▶ _Exercise description_:
Find the line below with "(张老先生在《常州市遗体捐献申请登记表》上签字)" and the line with "商品名稱:奔圖(PANTUM)CP2510DN A4彩色激光單功能打印機 有線網絡打印自動雙面打印". Output them and the lines between, exactly, but not the pictures.

** Opening Supplied data block **

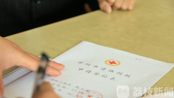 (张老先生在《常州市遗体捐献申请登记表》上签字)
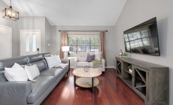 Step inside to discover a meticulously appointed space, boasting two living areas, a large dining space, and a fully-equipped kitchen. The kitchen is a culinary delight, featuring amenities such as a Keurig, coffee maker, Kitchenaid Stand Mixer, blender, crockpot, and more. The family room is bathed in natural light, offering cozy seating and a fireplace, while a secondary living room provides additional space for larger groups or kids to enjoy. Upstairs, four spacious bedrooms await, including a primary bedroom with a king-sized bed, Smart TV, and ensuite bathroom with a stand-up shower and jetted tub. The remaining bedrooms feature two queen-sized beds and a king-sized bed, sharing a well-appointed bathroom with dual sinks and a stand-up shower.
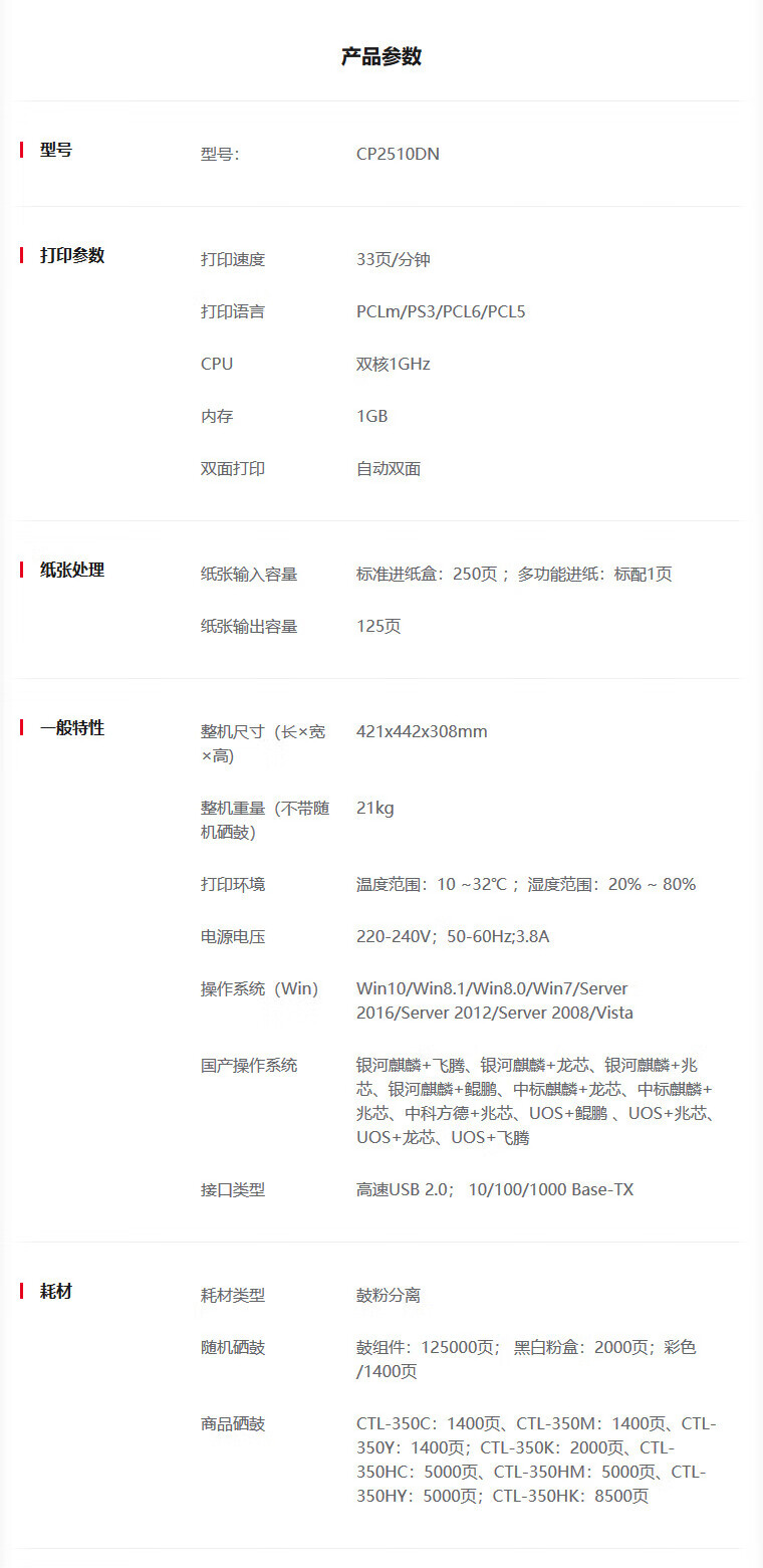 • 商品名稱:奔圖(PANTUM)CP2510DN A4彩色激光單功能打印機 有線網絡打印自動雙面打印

** Closing Supplied data block **
** Opening Supplied data block **

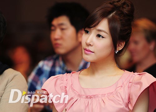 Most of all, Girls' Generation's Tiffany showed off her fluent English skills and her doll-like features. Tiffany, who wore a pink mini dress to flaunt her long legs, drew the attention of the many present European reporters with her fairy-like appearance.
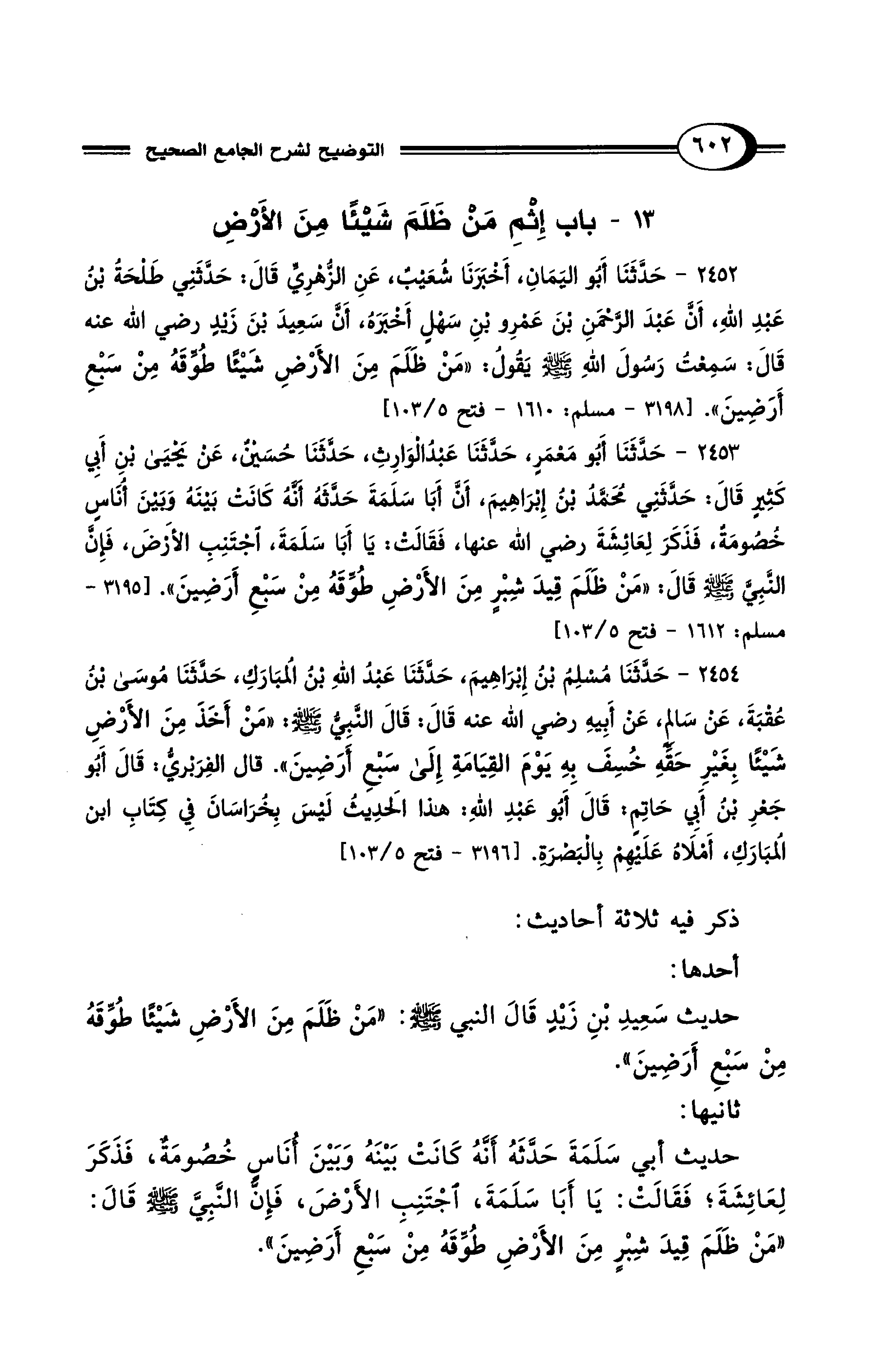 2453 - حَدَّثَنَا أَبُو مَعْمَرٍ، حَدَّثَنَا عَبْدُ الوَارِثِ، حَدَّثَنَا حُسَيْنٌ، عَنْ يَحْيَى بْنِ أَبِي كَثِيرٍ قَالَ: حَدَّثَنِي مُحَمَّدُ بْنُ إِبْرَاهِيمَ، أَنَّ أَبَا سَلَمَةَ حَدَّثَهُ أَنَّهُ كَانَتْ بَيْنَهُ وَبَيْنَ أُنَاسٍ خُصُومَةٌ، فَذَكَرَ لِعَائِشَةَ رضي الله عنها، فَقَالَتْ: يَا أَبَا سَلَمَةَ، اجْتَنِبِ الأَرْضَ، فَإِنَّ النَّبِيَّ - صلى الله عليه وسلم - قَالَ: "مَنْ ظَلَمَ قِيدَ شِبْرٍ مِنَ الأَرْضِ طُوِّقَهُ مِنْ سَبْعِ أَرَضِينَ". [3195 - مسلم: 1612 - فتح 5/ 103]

** Closing Supplied data block **

▶ _Answer to this task_:
 (张老先生在《常州市遗体捐献申请登记表》上签字)
 Step inside to discover a meticulously appointed space, boasting two living areas, a large dining space, and a fully-equipped kitchen. The kitchen is a culinary delight, featuring amenities such as a Keurig, coffee maker, Kitchenaid Stand Mixer, blender, crockpot, and more. The family room is bathed in natural light, offering cozy seating and a fireplace, while a secondary living room provides additional space for larger groups or kids to enjoy. Upstairs, four spacious bedrooms await, including a primary bedroom with a king-sized bed, Smart TV, and ensuite bathroom with a stand-up shower and jetted tub. The remaining bedrooms feature two queen-sized beds and a king-sized bed, sharing a well-appointed bathroom with dual sinks and a stand-up shower.
 • 商品名稱:奔圖(PANTUM)CP2510DN A4彩色激光單功能打印機 有線網絡打印自動雙面打印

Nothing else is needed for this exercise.